_Recorded information_
──────────
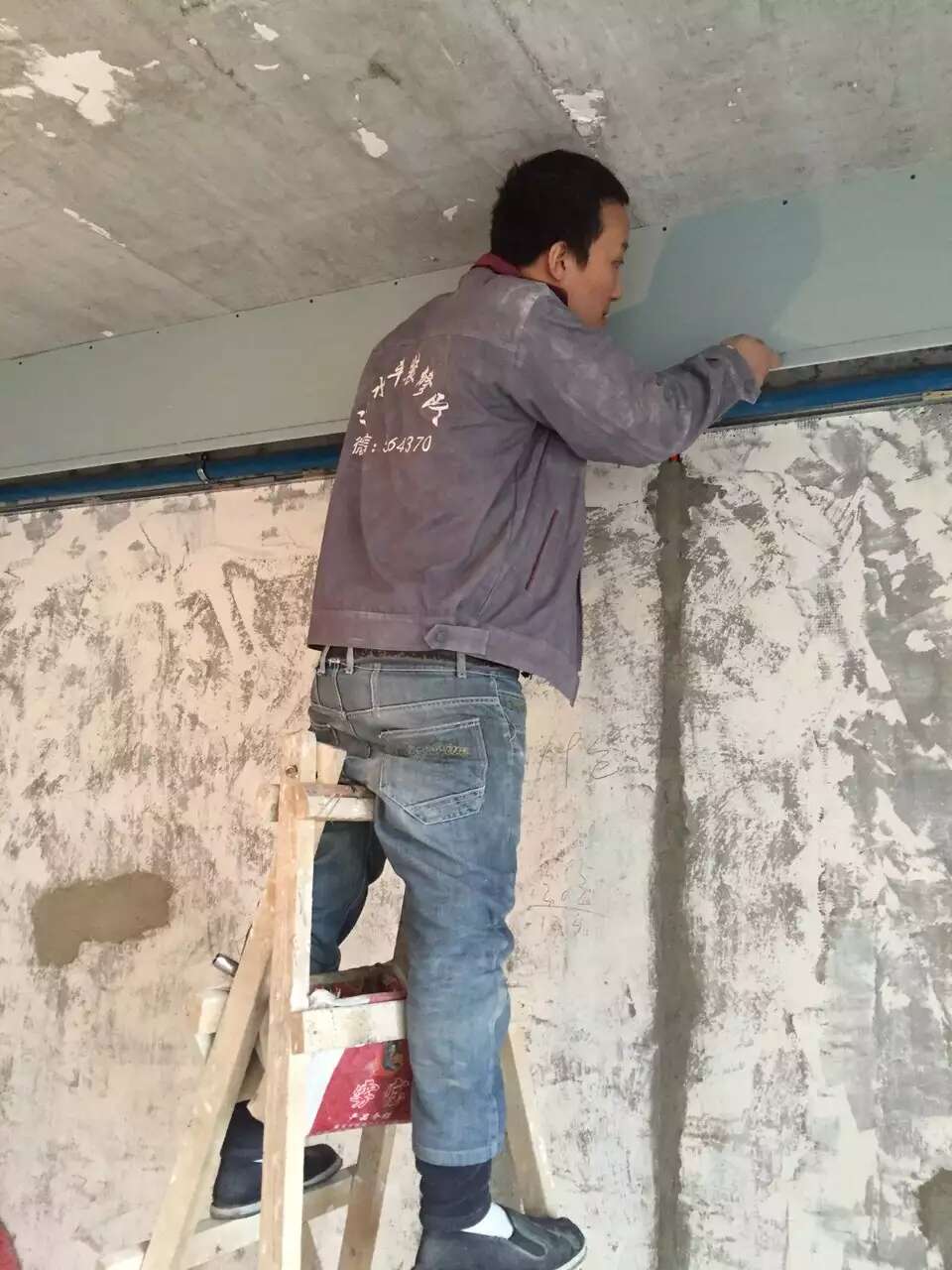 木工老张小张师傅父子正在施工吊顶。也以简约为主,主要遮蔽中央空调和新风管道为主,外加顶边的眉线,让墙面顶面分界一致,同一水平线,以后视觉看着统一整洁。
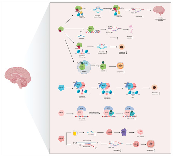 ING proteins are crucial for maintaining genomic integrity in neurobiology, where they influence both DNA modification and DNA damage repair [4,10]. By coordinating processes such as DNA methylation and DNA repair pathways, ING proteins help regulate gene expression and protect neurons—highly specialized cells that are particularly susceptible to genomic insults [60,61].
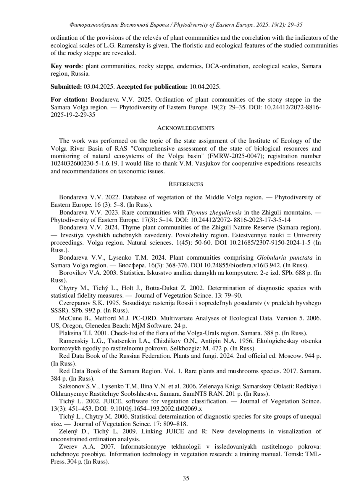 2. [Bondareva] Бондарева В.В. 2023. Редкие сообщества с участием Thymus zheguliensis в Жигулевских горах. - Фиторазнообразие Восточной Европы. 17(3): 5-14. DOI: 10.24412/2072-8816-2023-17-3-5-14 EDN: POWYBU
──────────
Please take the lines from the beginning of the data above through the line holding "ING proteins are" and transcribe them exactly, without any pictures.

_Answer to the problem_
 木工老张小张师傅父子正在施工吊顶。也以简约为主,主要遮蔽中央空调和新风管道为主,外加顶边的眉线,让墙面顶面分界一致,同一水平线,以后视觉看着统一整洁。
 ING proteins are crucial for maintaining genomic integrity in neurobiology, where they influence both DNA modification and DNA damage repair [4,10]. By coordinating processes such as DNA methylation and DNA repair pathways, ING proteins help regulate gene expression and protect neurons—highly specialized cells that are particularly susceptible to genomic insults [60,61].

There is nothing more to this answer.